UM OUTRO OLHAR É POSSÍVEL

Marcos Rolim

Os olhares são muitos, pode-se dizer. Há o olhar apaixonado que se entrega e brilha; há o olhar desesperado que se perde de si mesmo e o olhar enlouquecido que já não olha exatamente.

Há um olhar que submete e outro que liberta; há um olhar profano que quer saber e um olhar sagrado que pensa que sabe; há um olhar que acolhe e outro que amedronta; um olhar que ama e outro que afronta; um olhar inocente e um olhar culpado ; um olhar sincero e um olhar forçado.

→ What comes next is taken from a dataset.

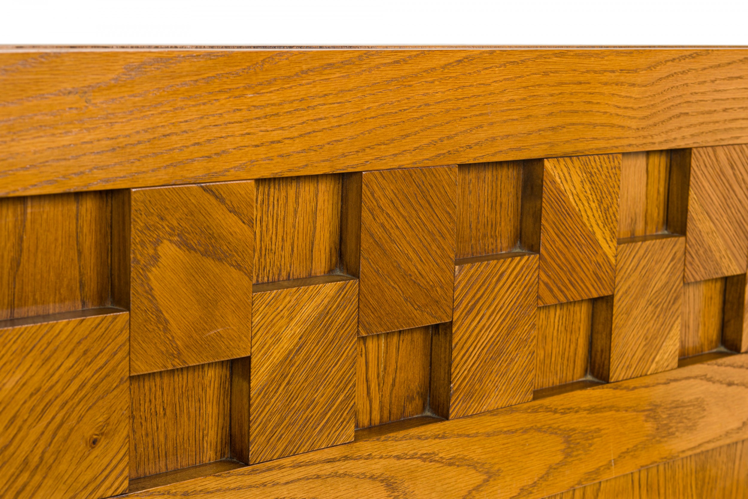 American Mid-Century king-size cubist design blond wood headboard with 2 rows of decorative square cut-outs. (LANE FURNITURE)

Há um olhar que se derrama e que fácil, se descobre o nome e outro, feito chama, que nos invade e consome.

 Há um olhar que vem e outro que se esvade; um olhar inteiro e outro pela metade. Os olhares são muitos, "pode-se dizer".O olhar
que a Burca esconde é, assim, um olhar fragmentado, dividido pelo que se lhe oferece como impossibilidade. Não há encontro nesse olhar, não há olhar compartilhado.

Atrás da Burca, há então, sobretudo, uma ausência; uma ausência do reconhecimento pelos outros. Se pensarmos um pouco no olhar que as mulheres podem ter com a Burca, haveremos de concluir que eles lhes assegura a lembrança constante de uma prisão. Entre elas e o mundo há uma tela, um limite inexpugnável. Tudo o que lhes for possível vislumbrar no espaço público estará marcado pelas sombras e pelo tracejado dessa tela. Essa condição pode ser lembrada, também, para o olhar daqueles que foram possuídos pelas ideologias. O "olhar ideológico" é aquele que só pode enxergar as sombras autorizadas por seus limites. Nos referimos a um olhar específico que só reconhece aquilo que já foi visto e que, portanto, não se surpreende. Trata-se de um "olhar" adoecido este. Um olhar que distorce o que vê reconhecendo como legítimas apenas as imagens que confirmam o que se pretendia ver. Um olhar, no mais, que volta-se sempre para o horizonte, para o futuro, mas que parece ter dificuldades extraordinárias em reconhecer o que está perto, o presente. Se queremos um outro mundo e se imaginamos que ele é possível seria, então, preciso estar atento para aquilo que do "velho mundo" ainda carregamos como uma tatuagem incômoda. Em outras palavras: deveríamos tratar de nos livrar de nossas Burcas.

Há uma "ordem da coisas" que se desprega dos sentidos com os quais ainda pretendemos aprendê-la, que herdamos, que nos indiferencia pelos preconceitos que compartilhamos, ou pelas angústias que nos paralisam. Vivemos um tempo onde o original é cada vez mais raro. Parafraseando Walter Benjamin, é como se os indivíduos perdessem sua "aura", vale dizer: sua autenticidade. Dito isso, não seria demais insistir que um novo olhar é possível.. Com esse olhar, recusaremos as certezas políticas em troca de princípios de natureza moral. A democracia é, entre todos os regimes, aquele que de uma forma mais acabada afasta- se da verdade. Suas razões, afinal, serão sempre aquelas a que se chegou por conta de um debate; seus motivos, os que parecem mais justos. Nesse quadro, a utopia dos Direitos Humanos está a nos lembrar que a tolerância, como respeito pelo outro e valorização da diferença, talvez seja apenas a sabedoria que supera o que há de temível na idéia da verdade.

"Os olhares são muitos, pode-se dizer. Há um olhar de verão, olhar de mormaço para o chão grudento e as paredes suadas. Olhar para os açudes, olhar de rede e descanso. Há um olhar de outono; olhar ventoso para as folhas do plátamo; olhar para as básculas e os relâmpagos. Há um olhar de inverno; olhar de veludo e pelúcia; olhar de fogo e de vinho. Há, sobretudo, um olhar de primavera, um olhar de setembro que anuncia a mudança; um olhar de olhos cheios de estrelas, um olhar de bandeiras.

A propósito, qual é mesmo o seu olhar?